**ACTION ITEM**
Would you copy the lines below exactly and omit the images?

+ + + + +

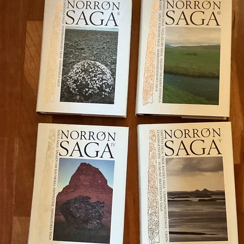 Flott fembinds verk av Norrøna Saga. Praktutgave med topping i gull, innbinding og kapittelbånd. Spesialutgivelse av De norske Boklubbene i 1992. Ubrukt og ulest.
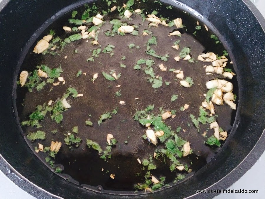 Doramos el diente de ajo y una vez dorado apagamos el fuego, incorporamos la menta picada.
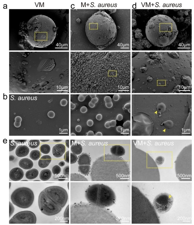通过扫描电镜和透射电镜观察细菌与微球的相互作用,研究VM的抗菌机制,结果表明VM通过静电作用吸附细菌,导致细菌膜破裂、细胞质泄漏,而单纯壳聚糖微球仅吸附细菌不杀菌。
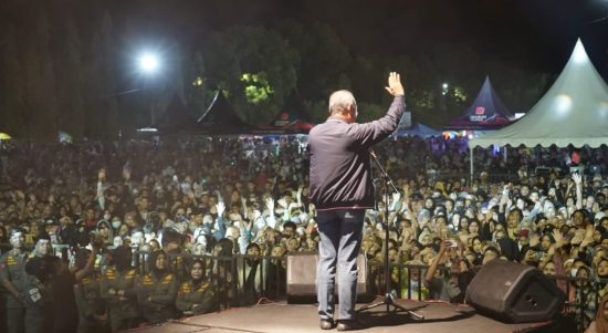 Bupati Luwu, Basmin Mattayang menyapa ribuan masyarakat saat konser Tri Suaka-Nabila memukau ribuan warga Luwu dalam rangka HUT ke-17 Belopa sebagai ibukota
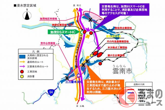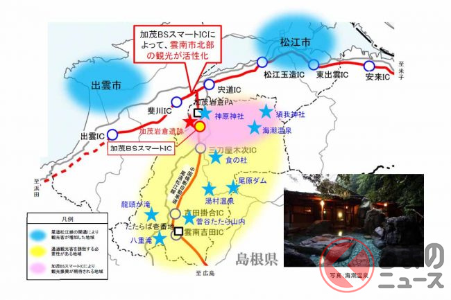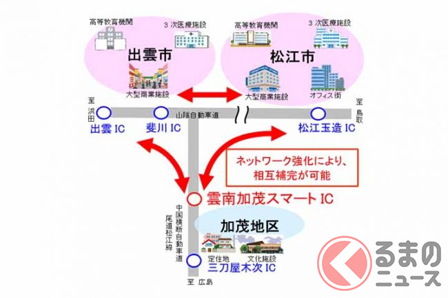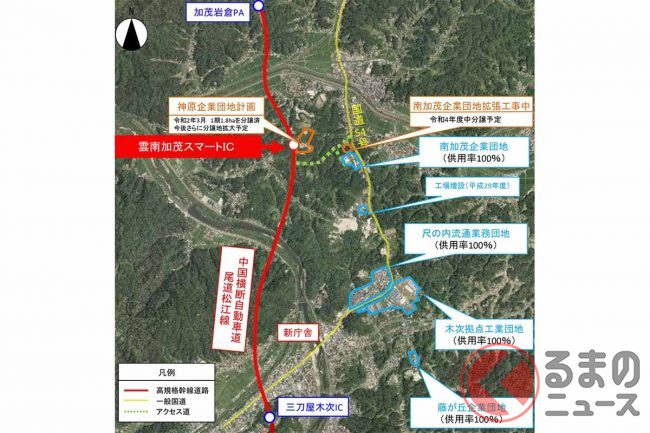 雲南市とNEXCO西日本によると、スマートICの整備によって、直結する神原企業団地や周辺の団地への企業誘致促進、既存の企業団地から物流効率化など、産業活動の活性化が期待されるといいます。

+ + + + +

**WRITTEN ANSWER**
 Flott fembinds verk av Norrøna Saga. Praktutgave med topping i gull, innbinding og kapittelbånd. Spesialutgivelse av De norske Boklubbene i 1992. Ubrukt og ulest.
 Doramos el diente de ajo y una vez dorado apagamos el fuego, incorporamos la menta picada.
通过扫描电镜和透射电镜观察细菌与微球的相互作用,研究VM的抗菌机制,结果表明VM通过静电作用吸附细菌,导致细菌膜破裂、细胞质泄漏,而单纯壳聚糖微球仅吸附细菌不杀菌。
 Bupati Luwu, Basmin Mattayang menyapa ribuan masyarakat saat konser Tri Suaka-Nabila memukau ribuan warga Luwu dalam rangka HUT ke-17 Belopa sebagai ibukota
 雲南市とNEXCO西日本によると、スマートICの整備によって、直結する神原企業団地や周辺の団地への企業誘致促進、既存の企業団地から物流効率化など、産業活動の活性化が期待されるといいます。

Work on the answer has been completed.